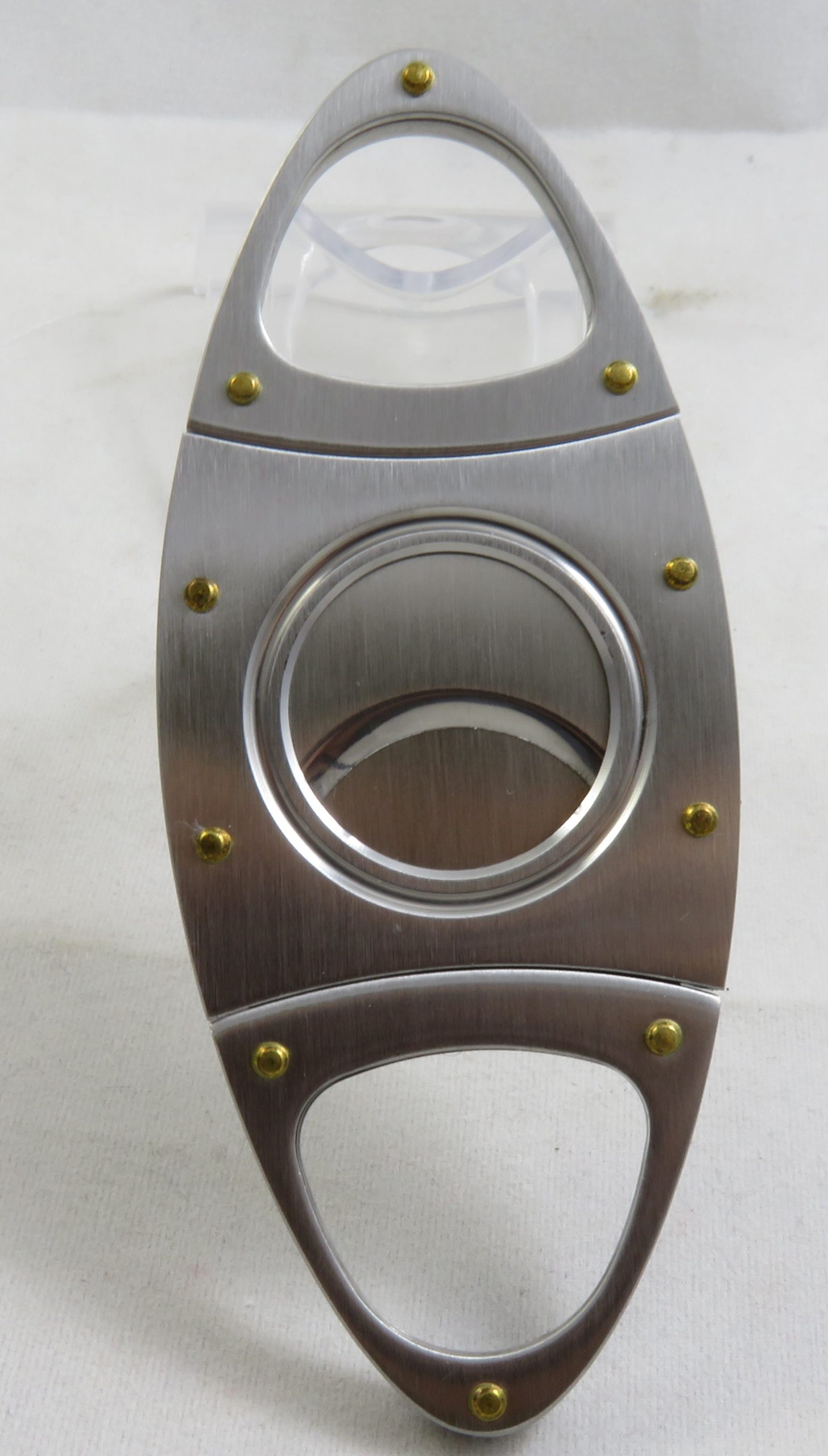 Coupe cigare en métal argenté brossé avec des clous dorés.
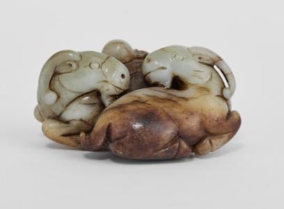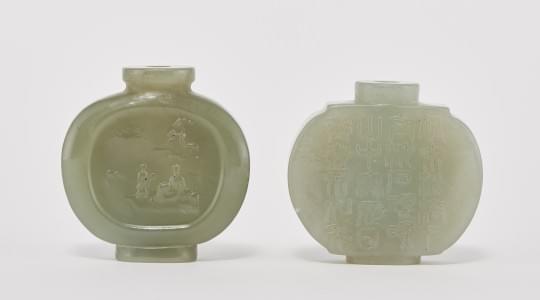 Jade à motifs de personnages et calligraphie, H 5 et 5,5 cm
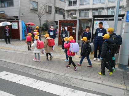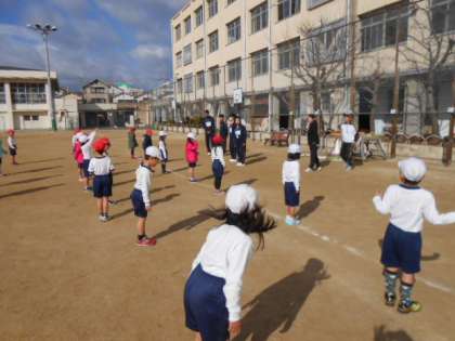 今朝は、小雪が舞い寒さが厳しくなりましたが、校門で登校する児童を元気なあいさつで迎えてもらいました。授業時間は、各学級の授業に入って、児童と触れ合いながら学校の仕事について2日間学びます。休み時間も児童たちと遊んでもらいました。
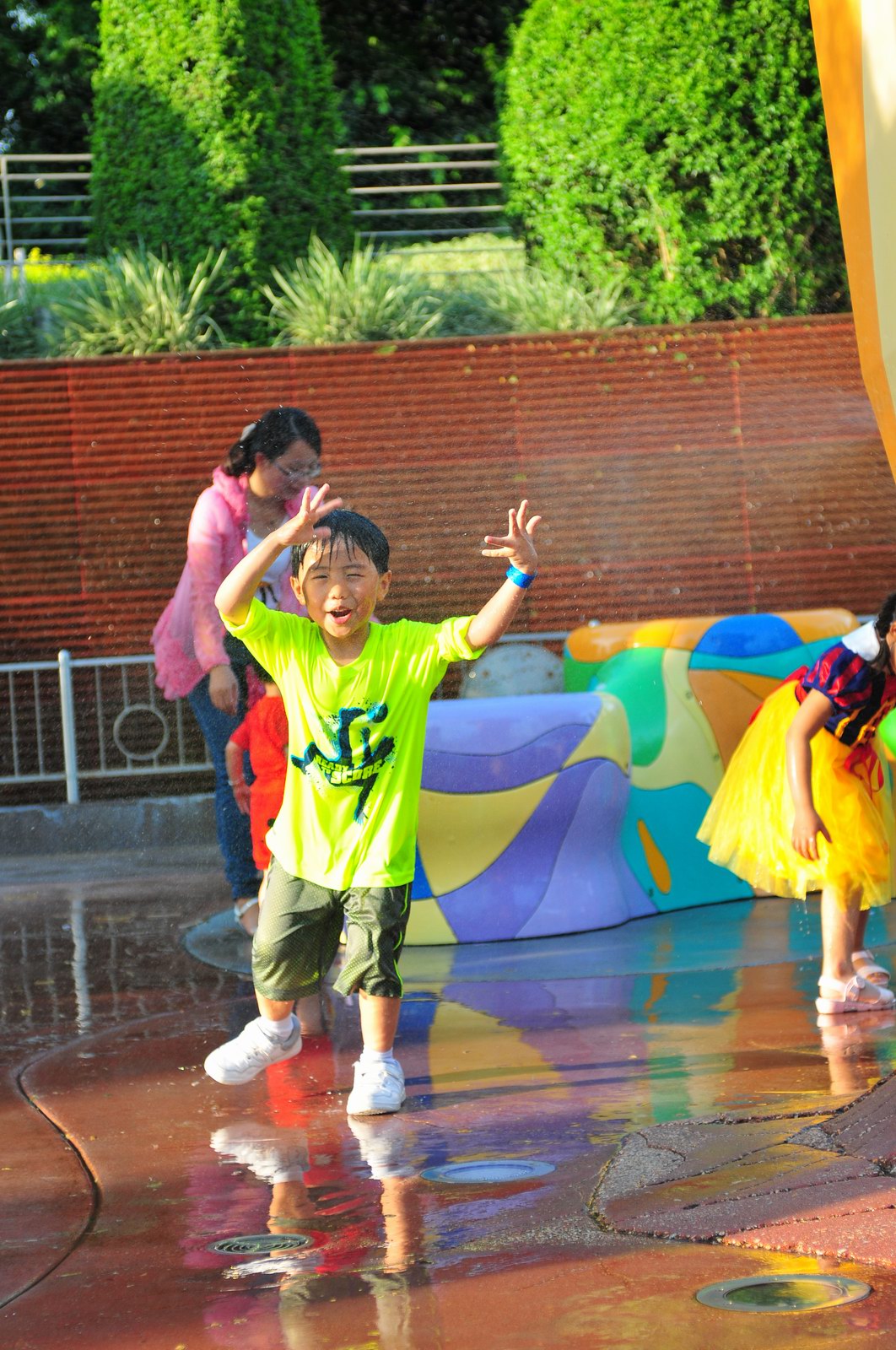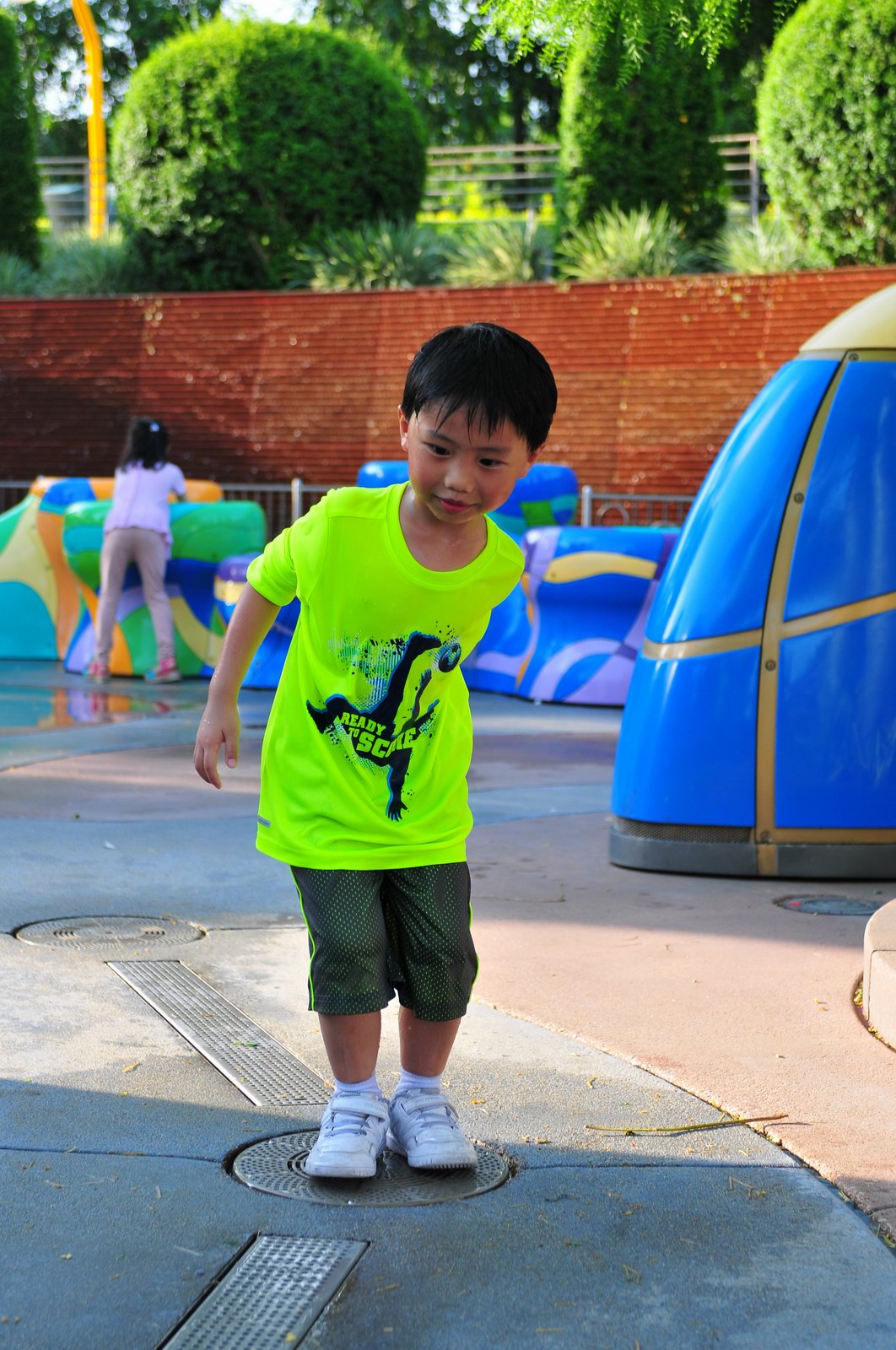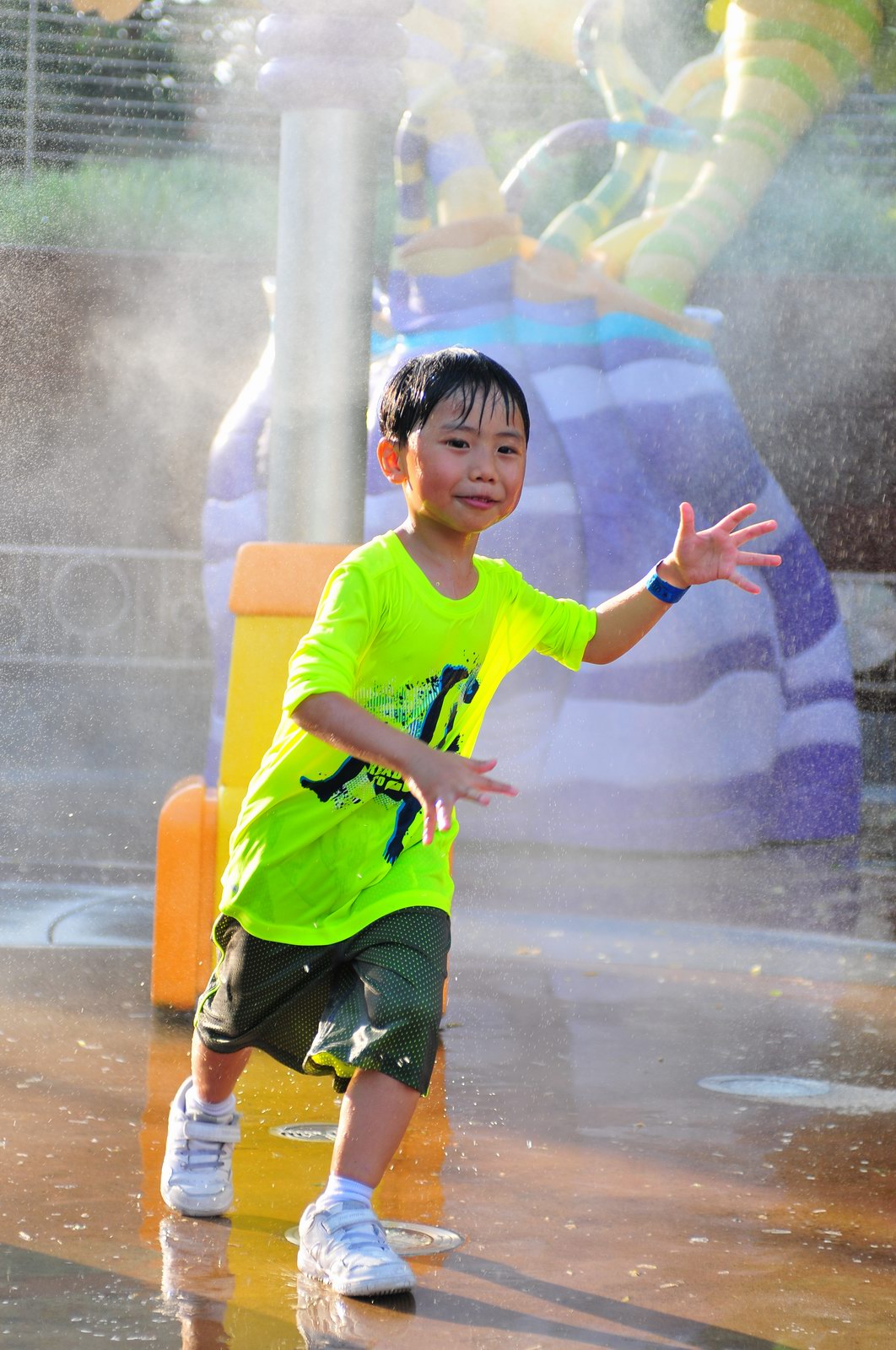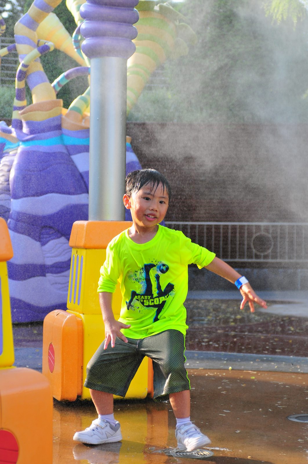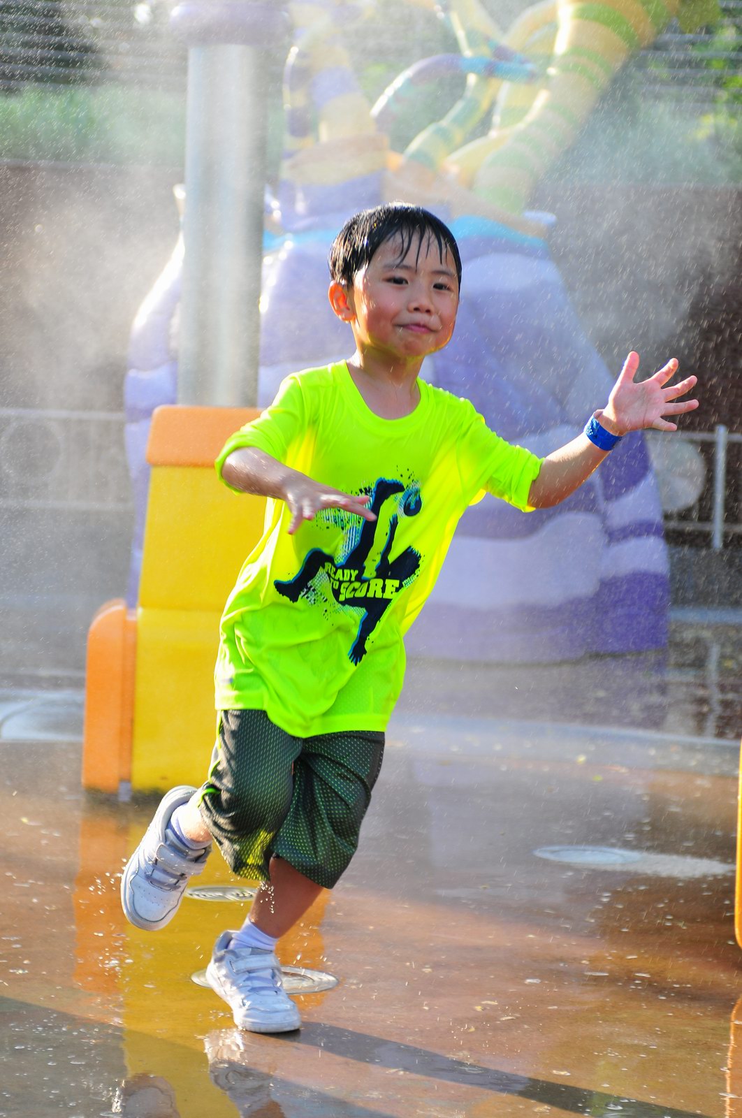影完相,開始自遊活動時間,由於是星期三,並非樂園假日高峰期,遊園人數不算多,設施輪侯時間並不長,所以JETJET可以很暢順地一口氣玩完多個他喜歡的遊戲,有些特喜歡的還可以連玩多次,很是盡興,這種好處是平時節假日無法享受的。開心時間過得快,黃昏將至,我們去到JETJET的另一個至愛樂園,一個給小朋友消暑玩耍的噴水戲樂區。你會發現,自由自在、無拘放縱的戲樂對於小朋友是多麼的渴望與享受,Jet在水樂園盡情奔跑、跳躍,任由水花氣霧霖沐,無懼衣服鞋襪濕透。從他的歡樂、雀躍程度,樂園其他機動設施及節目已相比失色多了。JET在嬉水區玩了整一小時,直至天色已暗,才依依不舍踏入歸程。

- **THE TASK**: Give every line of the data above again as it stands; the pictures stay out.

- **TASK RESULT**:
 Coupe cigare en métal argenté brossé avec des clous dorés.
 Jade à motifs de personnages et calligraphie, H 5 et 5,5 cm
 今朝は、小雪が舞い寒さが厳しくなりましたが、校門で登校する児童を元気なあいさつで迎えてもらいました。授業時間は、各学級の授業に入って、児童と触れ合いながら学校の仕事について2日間学びます。休み時間も児童たちと遊んでもらいました。
影完相,開始自遊活動時間,由於是星期三,並非樂園假日高峰期,遊園人數不算多,設施輪侯時間並不長,所以JETJET可以很暢順地一口氣玩完多個他喜歡的遊戲,有些特喜歡的還可以連玩多次,很是盡興,這種好處是平時節假日無法享受的。開心時間過得快,黃昏將至,我們去到JETJET的另一個至愛樂園,一個給小朋友消暑玩耍的噴水戲樂區。你會發現,自由自在、無拘放縱的戲樂對於小朋友是多麼的渴望與享受,Jet在水樂園盡情奔跑、跳躍,任由水花氣霧霖沐,無懼衣服鞋襪濕透。從他的歡樂、雀躍程度,樂園其他機動設施及節目已相比失色多了。JET在嬉水區玩了整一小時,直至天色已暗,才依依不舍踏入歸程。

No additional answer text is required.